Were Iran to acquire nuclear weapons, Iranian dissidents believe, it would not only threaten Israel, but also the Sunni Arab states of the Gulf. Iran could threaten Israel’s existence, but also could destroy the oil production facilities of Saudi Arabia, the UAE, Kuwait, and the LNG facilities in Qatar, sending oil prices sky-high and causing untold damage to Western economies. Nor would the danger be limited to the Middle East. With nuclear weapons, Iran’s regime could threaten to hit American bases not just in the region — in the UAE, in Qatar, in Bahrain,Saudi Arabia — but targets in America itself if, for example, Washington were to refuse to reduce or cut off altogether military aid to Israel.
One Iranian dissident said that “blanket military action against Iran will not work and that ‘foreign powers cannot impose sustainable regime change; it must emerge from within. It cannot be forced through war.’”
Here I beg to differ. Why wouldn’t “blanket military action against Iran” work? Perhaps she means that such military action would lead Iranians, who had been dissidents, to now support the regime in an outpouring of nationalist fervor prompted by those foreign attacks. And instead of the regime collapsing in the face of such attacks, she fears it would be given a new lease on life.
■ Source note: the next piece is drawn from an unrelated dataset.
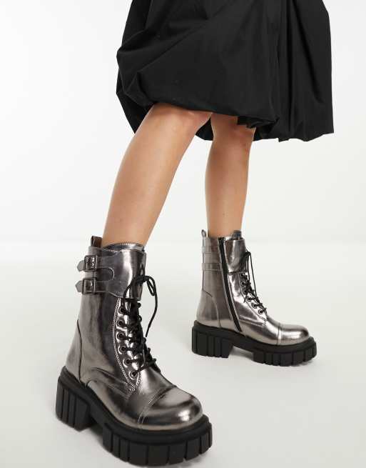 Glamorous – Stalowe buty do kostki na masywnej podeszwie

Another dissident said: “We will do the work from within to rid the world of this barbaric, tentacled, terrorist regime.” And “all they ask is that the Western world stop saving the regime.” In other words, she believes that Iran’s regime is economically and militarily on its uppers, with most of the Iranians having lost any faith in the government’s ability to reform itself. All that the dissidents want is for the West to stop “saving the regime.” That means completely cutting off Iran’s oil sales by blockading the port of Bandar Abbas, and other exports as well. It means stopping Iran from importing Western goods, everything from MRI machines to Smartphones to helicopters. It means putting sanctions on many hundreds more of Iran’s senior officials, cutting off their ability to travel anywhere in the West, or to send their children for study in the West , which is important to so many of them.
Were Iran to manage to produce a few nuclear bombs, this would greatly enhance its prestige at home, and lessen the domestic opposition to the regime. It would also mean that the regime would now believe itself impervious to attack, either by the Great or by the Little Satan, out of their fear of Iran retaliating using nuclear weapons.
All of these Iranian dissidents feel keenly that their fate is being decided not just by foreigners — the American negotiating team led by Steve Witkoff, but by foreigners with little understanding of the Iranians’ ability, and intent, to deceive. They want hard-headed American negotiators, who will consult with them and with the Israelis at every step, and who will make clear to Iran that nothing can be achieved, no sanctions lifted, without Iran agreeing to give up all of its stockpile of uranium enriched beyond a level of 5%, and the centrifuges it has used for such uranium enrichment. And if Iran does not agree, then not only will the current sanctions remain, but many more sanctions will be put in place, driving Iran’s economy into the ground.